Alma stands in the doorway; pretty, sweet Alma, with puffy moviestar lips and sad, sad eyes. She watches him stare out the window, the shell of a man, broken as he never lets her see. Her husband, who is looking at the dusty, empty street so intently maybe her eyes shimmer, not with tears, no, never with tears. Her husband.
He turns around. Ennis notices her now, but his imagination has replaced her with someone else, someone tall and lean and a little worse for wear after being thrown out of Heaven and dumped unceremoniously on an easily-spooked filly. He crams on his hat so she can't see his sudden raw emotion.

Alma can't see him any more at all, and yet she can. "We should get divorced," she whispers, and then he crumples.

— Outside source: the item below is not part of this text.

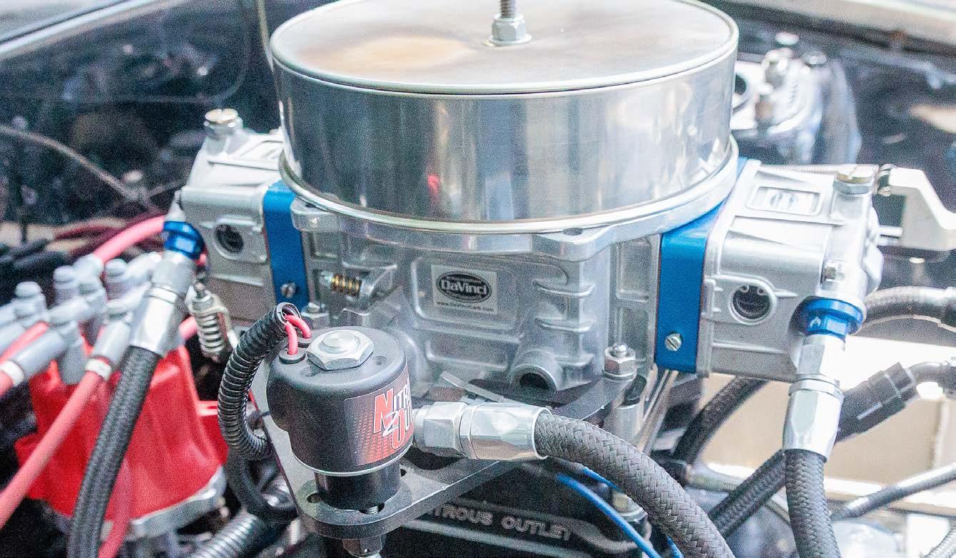 Boosting the smallblock is an NX two-stage nitrous oxide plate system that was placed above an Edelbrock Super Victor Jr. intake. In keeping with Tankalavage’s desire for carburetion, fuel mixing is handled by a custom-built Holley 750cm carburetor from Pro Systems.

Ennis rushes to her and hugs her tight, and he's muttering something to her. Least, it seems like he is: his breath is hot on her ear, comes in ragged little spurts. "Jack, Jack," she thinks she hears. "Jack." And now he looks at her, tears in his eyes, her manly husband, not-husband anymore. And she has never seen him like this and her open mouth and eyes-not-blurring-with-tears seems to set him off more and now he is crying. "Jack."

Alma doesn't know what to do except fold him in her embrace like Junior, and speak of the devil, here comes Junior walking in to mamma and pappy crying in each other's arms.

"Mom? Daddy?" she asks, uncertainly.

Her nails nick him as she whirls around, her teeth snag his ear very briefly, and Ennis's eyes suddenly go very bright and he looks out the window again like he can see something they all can't.

"Jack," he says.

Alma looks over his ten-gallon hat and fancies she can hear the call of a bluebird and the rush of a whiskey spring.